Name your Jupyter notebook as Assignment2.
Split the dataset into 70% training and 30% test and provide the following experiments. Report
the accuracy for the test set as a performance measurement for all the following tasks
1. Use “from sklearn.tree import DecisionTreeClassifier”.
a) Train a DT classifier with Entropy (C1) and GINI (C2) and compare the performance.
b) Visualize the C1 and C2 by using the “graphviz” library
c) Prune C1 and C2 by limiting the depth and compare their performance with the
unpruned versions.
d) Use depth 1,…,20 and plot the performance for C1 and C2 separately. e) Choose the
best value for depth and visualize C1 and C2.
2. Use “from sklearn.ensemble import RandomForestClassifier”.
a) Train an RF classifier with 10 estimators and compare the performance for the test
set with C1.
b) Change the number of estimators from 10,50,100,500, 1000, and plot the
performance.
c) Perform 5 fold cross-validation and report the performance for RF classifier with 50
estimators
d) Plot the feature importance for RF with 200 estimators using the mean decrease in
and also feature permutation and explain the plots.
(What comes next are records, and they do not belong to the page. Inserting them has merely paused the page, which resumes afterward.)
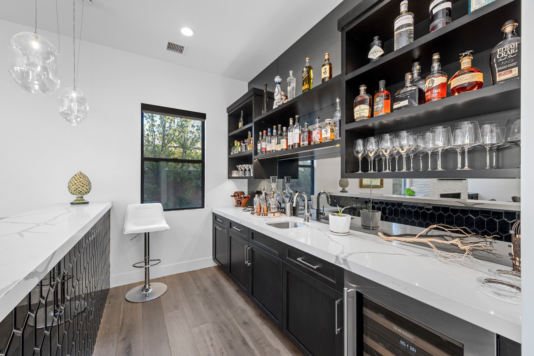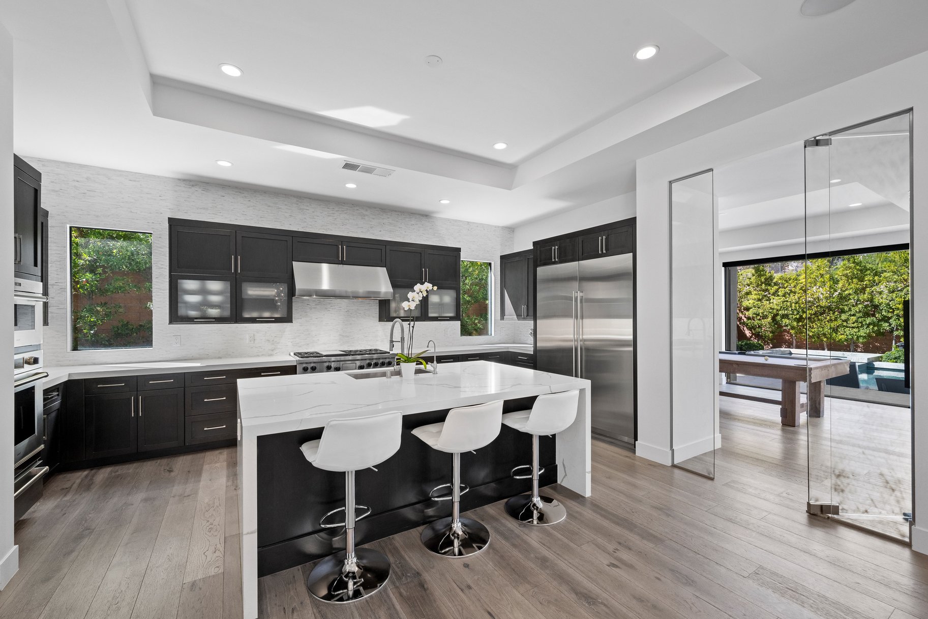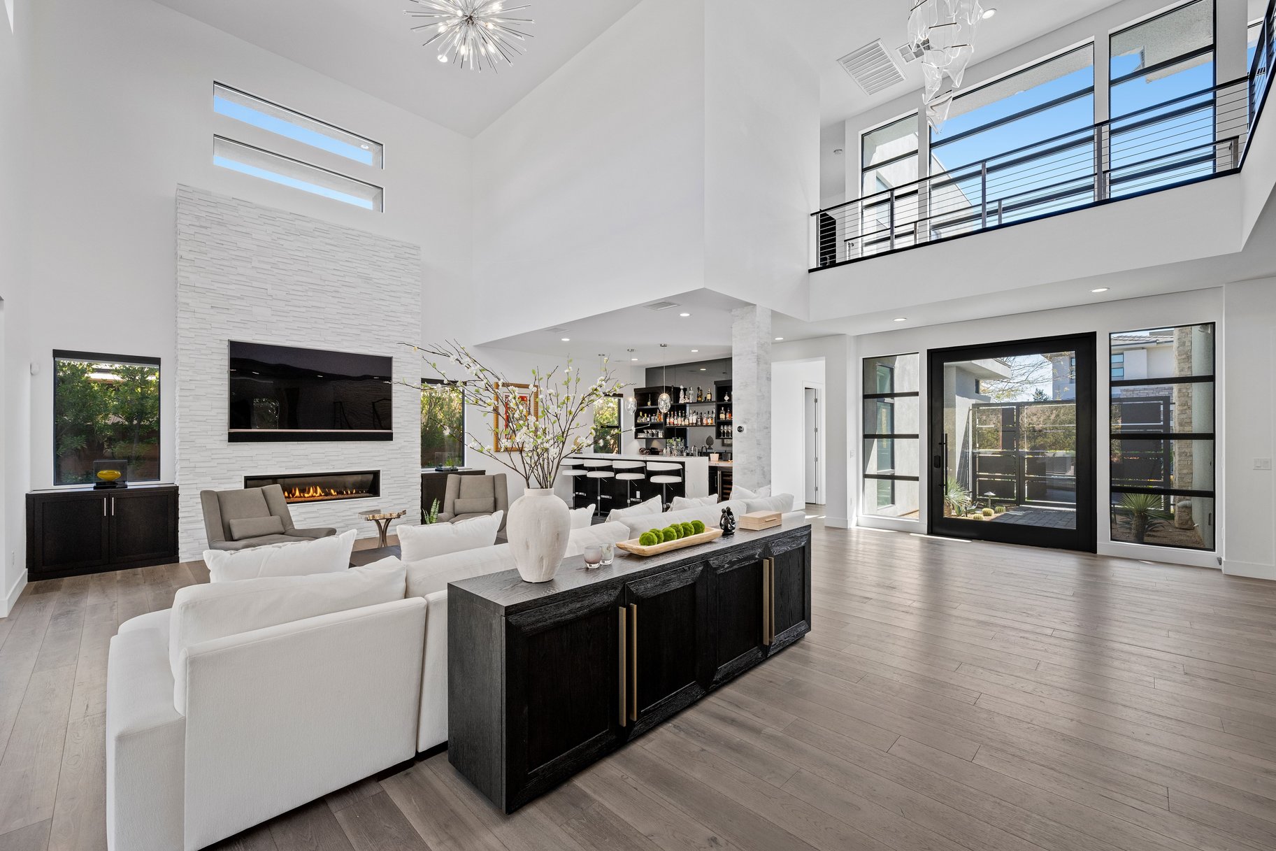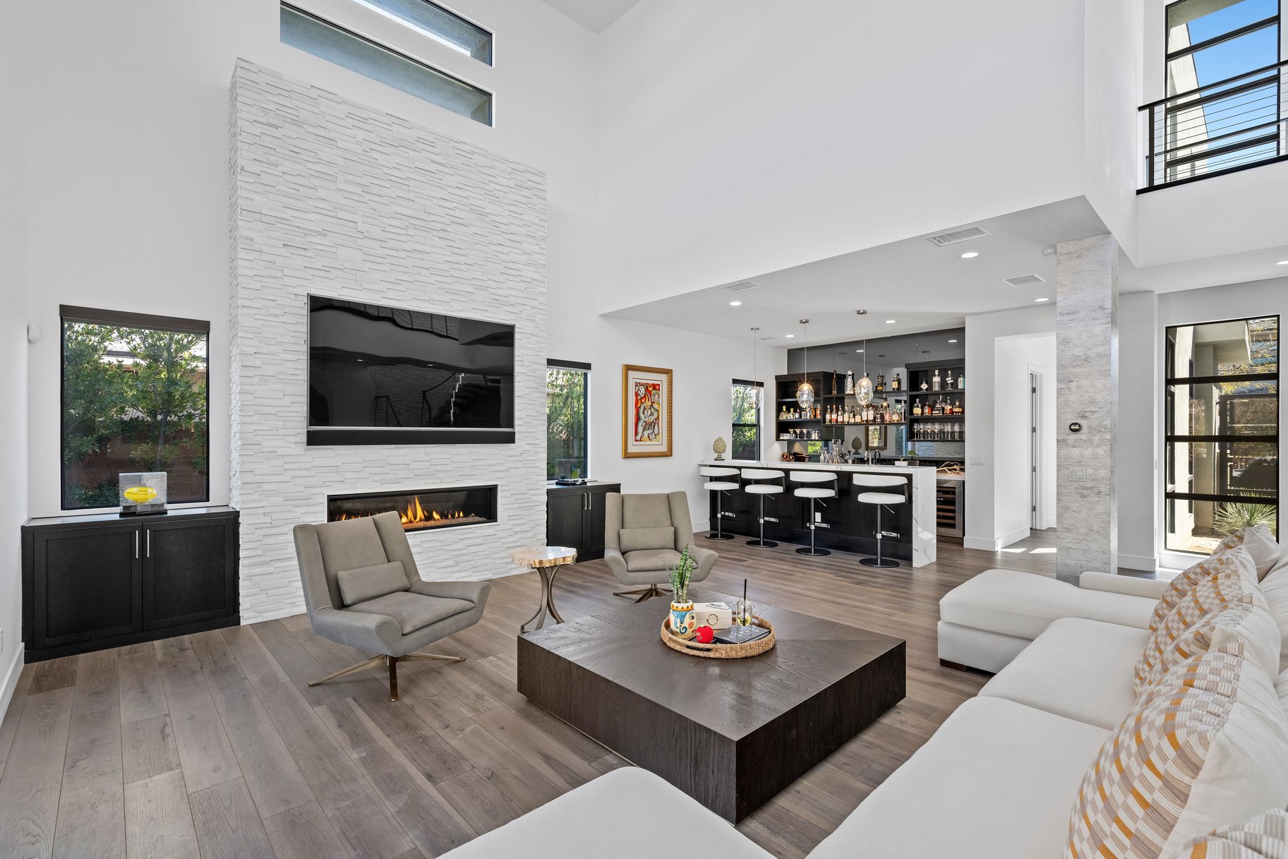 Tucked behind the guard gates of The Ridges, life moves at a different pace. Mornings begin with soft desert light pouring through expansive windows, illuminating more than 4,600 s/ft of contemporary living. With 4 bedrooms & 6 baths, the layout is designed for quiet moments and effortless entertaining. At the heart of the home, the kitchen becomes the gathering place. Anchored by Sub-Zero refrigeration and a Wolf range, it’s built for culinary creativity & connection. The open design allows the space to flow seamlessly into the surrounding living areas. Hardwood floors lead to a primary retreat with a sitting area and covered patio—perfect for morning coffee or quiet evenings. The spa-inspired bath and dual walk-in closets add everyday comfort. Outside, the backyard has gas fire features and an outdoor kitchen with a built-in Viking grill. Residents also enjoy access to Club Ridges with fitness, tennis, pickleball courts, and pool within one of Summerlin’s most desirable communities.
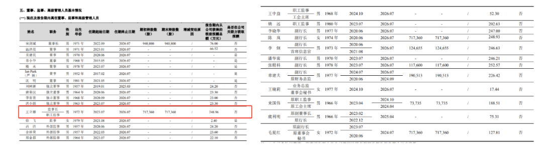 薪酬方面,根据2024年年报,杭州银行共有10名董监高税前年薪超百万元,其中8人超200万元。王立雄2024年薪资为248.96万元,位列全行第二,仅次于副行长张精科(252.57万元);而董事长宋剑斌仅为76万元,不足王立雄的三分之一。
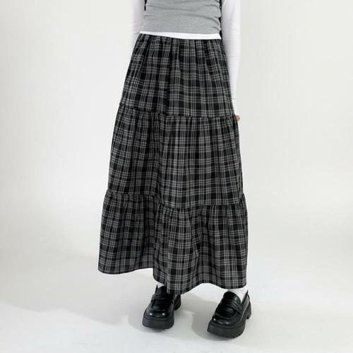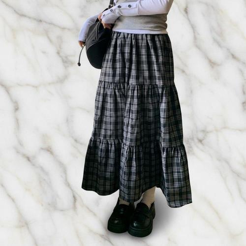 [신상오픈런]여성용 사계절 코튼 체크 롱스커트 티어드 스타일
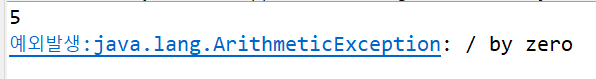 10/2에서는 5로 문제가 없지만 10/0에서는 정수숫자 0으로 나누어서 예외가 발생된다. 해당 예외는 ArithmeticException catch 블록이 실행된다.

3. Use “from sklearn.ensemble import AdaBoostClassifier”
a) Train a classifier with 10 estimators and compare the performance with C1 and RF in
2a.
b) Change the number of estimators from 10,50,100,500, 1000, and plot the
performance.
c) Perform 5 fold cross-validation and report the performance for classifier with 50
estimators
4. Use “from sklearn.naive_bayes import GaussianNB”
a) Train a classifier and compare the performance for the test set with C1 and 2a and
3a.
5. Use PCA and print the Cumulative proportion. Using Cumulative proportion, only keep the
features that account for more than 95% (ratio of variance to keep) of the total variation
associated with all the original variables.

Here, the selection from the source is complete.